When the COVID-19 pandemic began to sweep across the world, many companies launched remote work programs so their employees could continue working without risking infection. Some firms felt that these telecommuting arrangements have been going so well that they plan to continue asking staffers to work remotely
even after the pandemic ends. Employees, however, aren’t sure that they want that.
That’s the word from a recent survey by Pipefy
, a company that asked 410 mid- and senior-level professionals at corporations across the US about their remote working situations. About 66 percent of respondents told the company that they were working remotely for the first time due to COVID-19, and it’s that cohort which appears leery of continuing remote work.
Of the staffers who are new to remote work, just 20 percent said they’d like to continue telecommuting on a full-time basis. Another 39 percent said they’re interested in working remotely part-time, while 41 percent of respondents said they’d like to go back to the office.
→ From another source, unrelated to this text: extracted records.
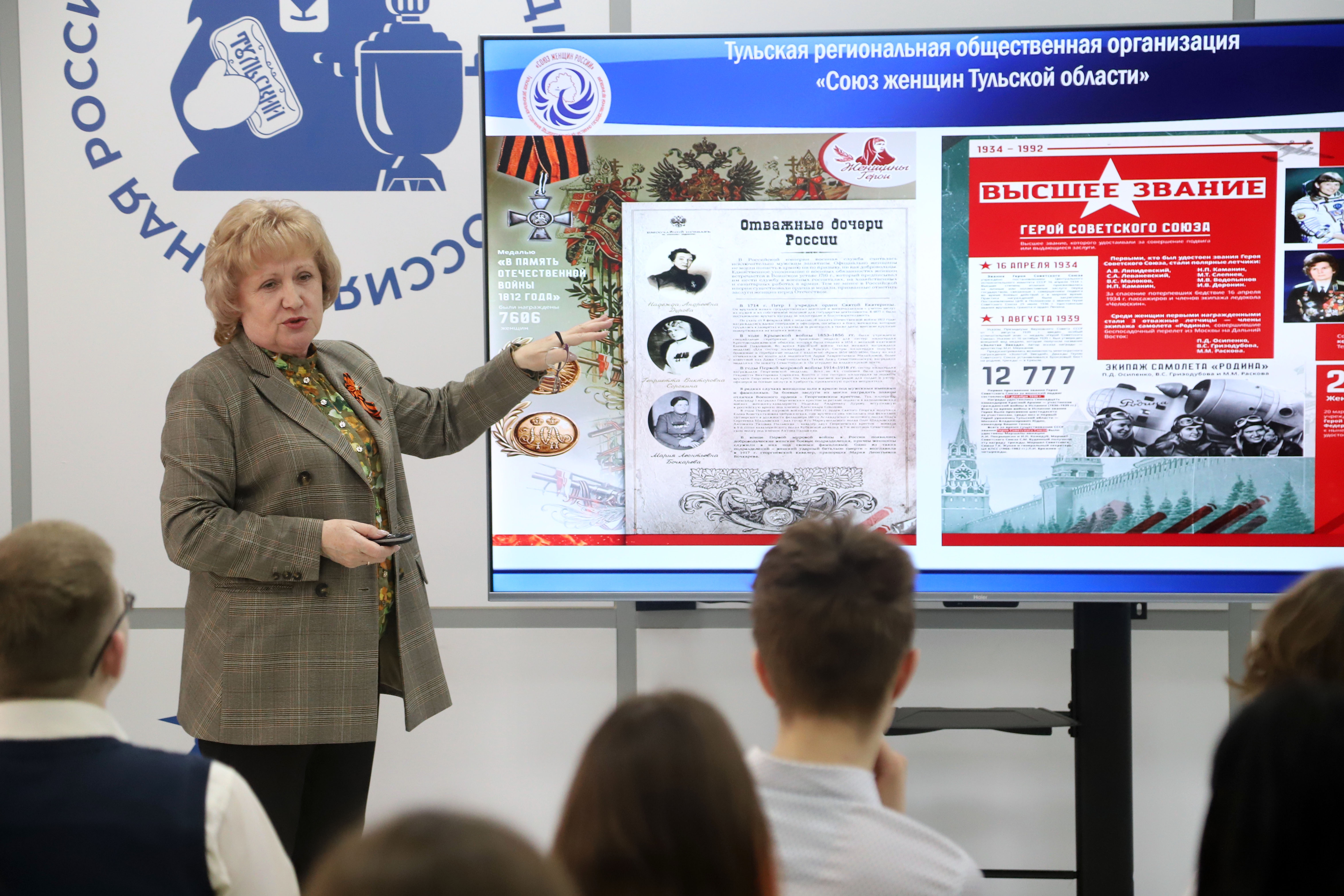 В рамках Всероссийской акции СЖР «Женское сердце Победы» 28 апреля, в День памяти Валентины Степановны Гризодубовой, представители Тульского регионального отделения Союза женщин России организовали и провели патриотическую встречу со школьниками.
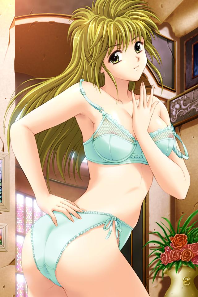 1girlassblonde hairbrafemale focuslingerielong hairpantiessolounderwearunderwear onlyyellow eyes
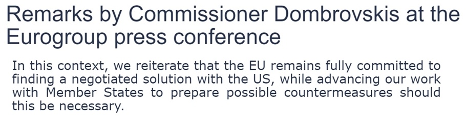 欧盟委员会执行副主席兼贸易委员东布罗夫斯基斯在会后的新闻发布会上重申,欧盟将继续寻求与美国通过谈判解决贸易分歧,同时也将推进与各成员国的合作,为在必要时采取可能的反制措施做好准备。
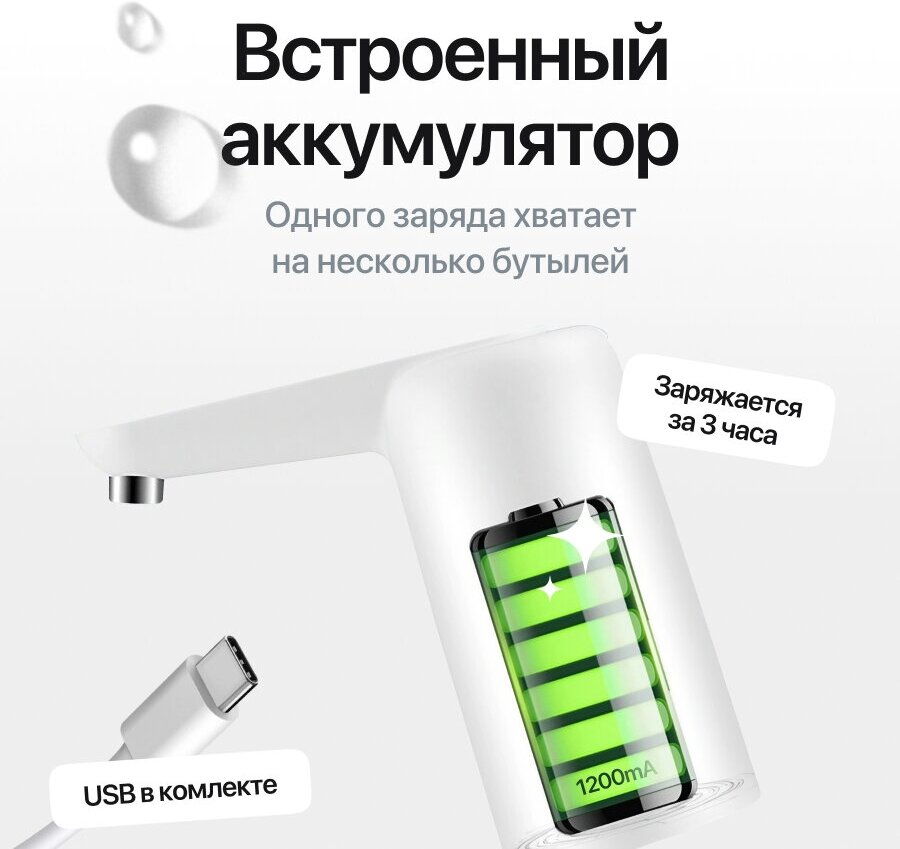 Помпа для воды электрическая на бутыль 19 литров, диспенсер для воды на аккумуляторе белая интересное:
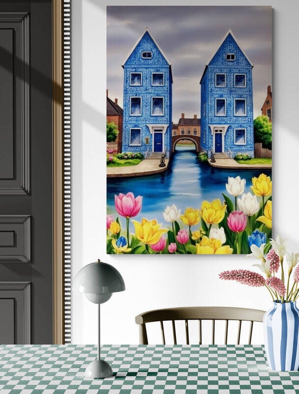 De prachtige Delfts blauwe gevels stralen elegantie en vakmanschap uit, terwijl de kleurrijke tulpen op de voorgrond een levendig contrast creëren. De lucht heeft een zachte gloed, wat de compositie een serene en bijna sprookjesachtige uitstraling geeft.
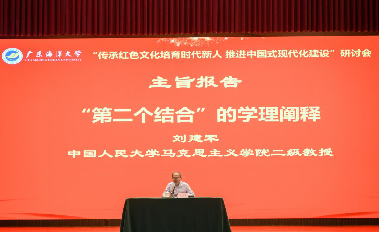 本次研讨会设主会场,欧冠马克思主义学院院长曹望华教授、湖北省社会科学院李涛研究员分别主持了主旨报告和主题报告环节。中国人民大学马克思主义学院刘建军教授以《“第二个结合”的学理阐释》为题作主旨报告,从七大维度展开系统、深入的理论阐释,为系统深入地理解和把握“第二个结合”提供了一套关键的分析范式。华南农业大学唐土红教授、广州美术学院徐平华教授、广州大学吴阳松教授、海南大学王一闳副研究员、广东石油化工学院唐少莲教授、广东医科大学金卓教授、岭南师范学院夏松涛教授、欧冠周良武副教授等8位专家学者先后作了主题报告。

Distractions, Work-Life Balance Are Issues
The employees who were new to remote work cited a variety of reasons for their dissatisfaction with working from home, and Pipefy found the following to be their biggest challenges:
- Distractions: 63%
- Work-Life Balance: 36%
- Collaboration/Communication Issues: 31%
- No Designated Office Space: 28%
- IT/Infrastructure Issues: 13%
- Lack of Supervision: 9%
The new remote workers did, however, name some positives about working remotely, with the biggest benefits being more family time, flexibility and better work hours.
Many New Remote Workers Experience Burnout
When compared to seasoned remote workers, the survey results reveal stark differences in well-being during remote work. Whereas 57 percent of experienced remote staffers expressed a stronger sense of well-being while working from home, just 15 percent of new remote workers said they felt that way. The likely culprit? Burnout.
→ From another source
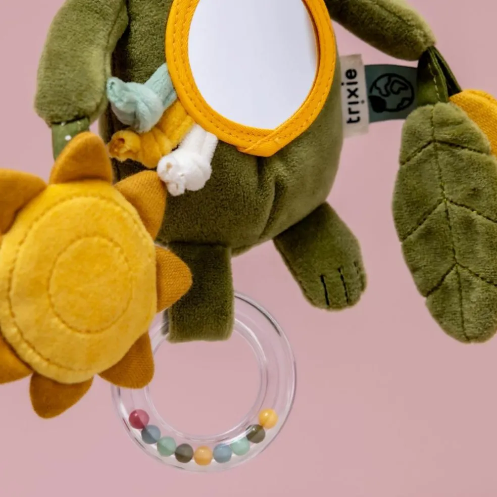 Toujours prêt à amuser bébé, Mr. Dino se fixe facilement à une poussette, un siège-auto ou un parc. Avec son anneau hochet rempli de billes colorées, son miroir cache-cache, son papier froissé et ses cordons à tirer, il offre un univers riche en découvertes. Chaque interaction stimule la vue, l’ouïe et la motricité fine de votre enfant, tout en éveillant sa curiosité. Conçu dans des matériaux doux et sûrs, ce dinosaure rigolo accompagne bébé dans toutes ses explorations quotidiennes.
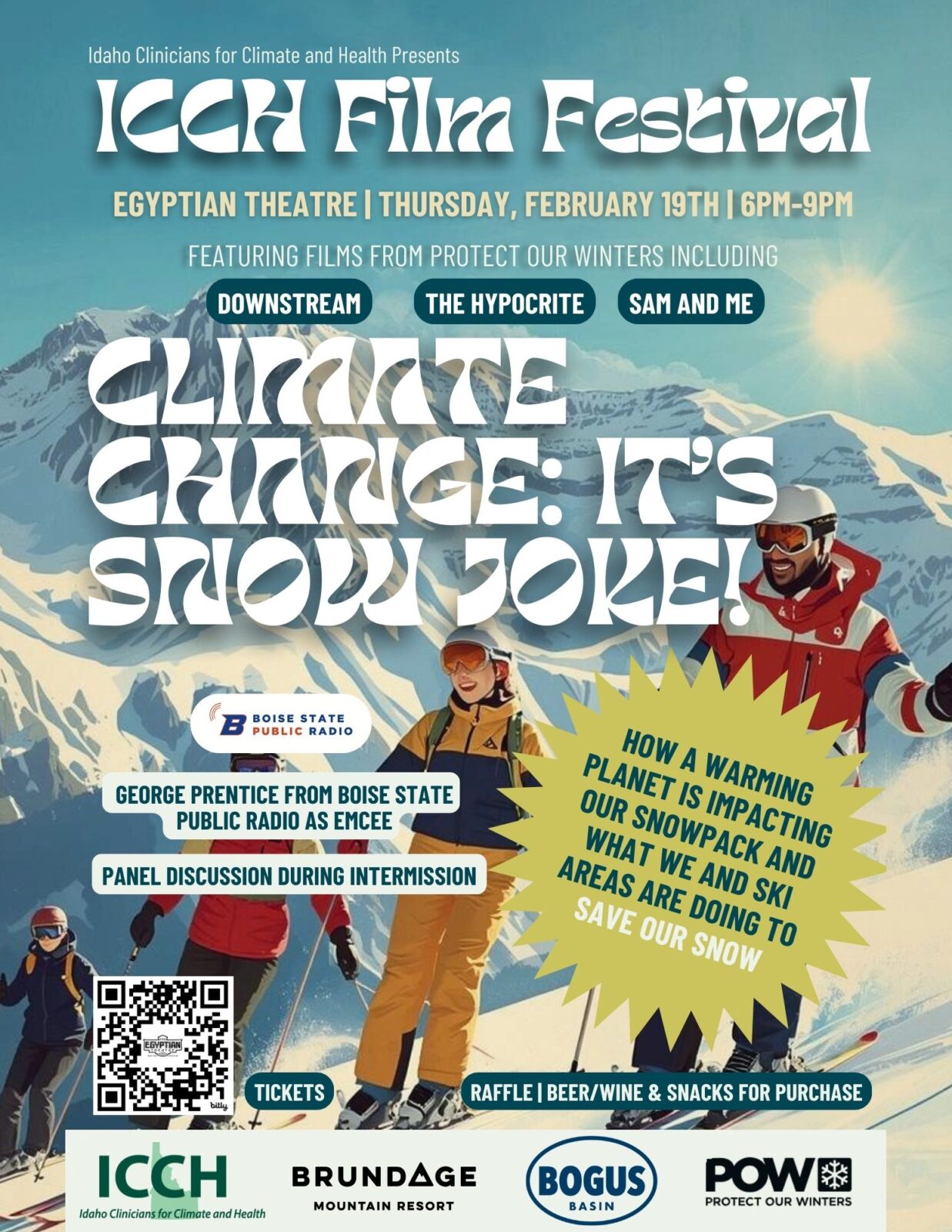Head to the Egyptian Theater for Climate Change is SNOW JOKE, where Idaho Clinicians for Climate and Health are presenting 3 films and an expert panel discussion moderated by Boise State Public Radio’s George Prentice. Films produced by Protect Our Winters address climate change’s impacts on our snowpack and our ability to recreate in winter, as well as on our mental and physical health. Humans are creating the problem, but we’re learning to be a part of the solution. Come learn how climate scientists, youth activists, and ski resorts are approaching this climate crisis and learn how to Save our Snow!

About 32 percent of new remote workers say they are frustrated working from home because they feel like they’re burning out, Pipefy noted. This is in contrast to just eight percent of seasoned remote staff members who are experiencing burnout. The study notes, of course, that remote work might not be completely to blame. Many people are having stress issues simply due to the isolation prompted by the COVID-19 lockdown, compounded by the problems that workers face while working remotely.
Communication Appears to be Lacking
Another problem that seems to be affecting new remote workers is a lack of communication from colleagues, which can lead to confusion and stress. When asked about the clarity of what their employer expects from them on a daily basis, 40 percent of new remote workers indicated that they have a fair amount of clarity, 40 percent said they have full clarity, 10 percent said they have “zero clarity,” and another ten percent are uncertain.
These findings suggest that companies should consider improving their communication tools and technology so that better collaboration takes place between teams. This appeared to be solidified when Pipefy found that just 59% of new remote workers believe they have all the right equipment and materials so they can effectively perform while working from home.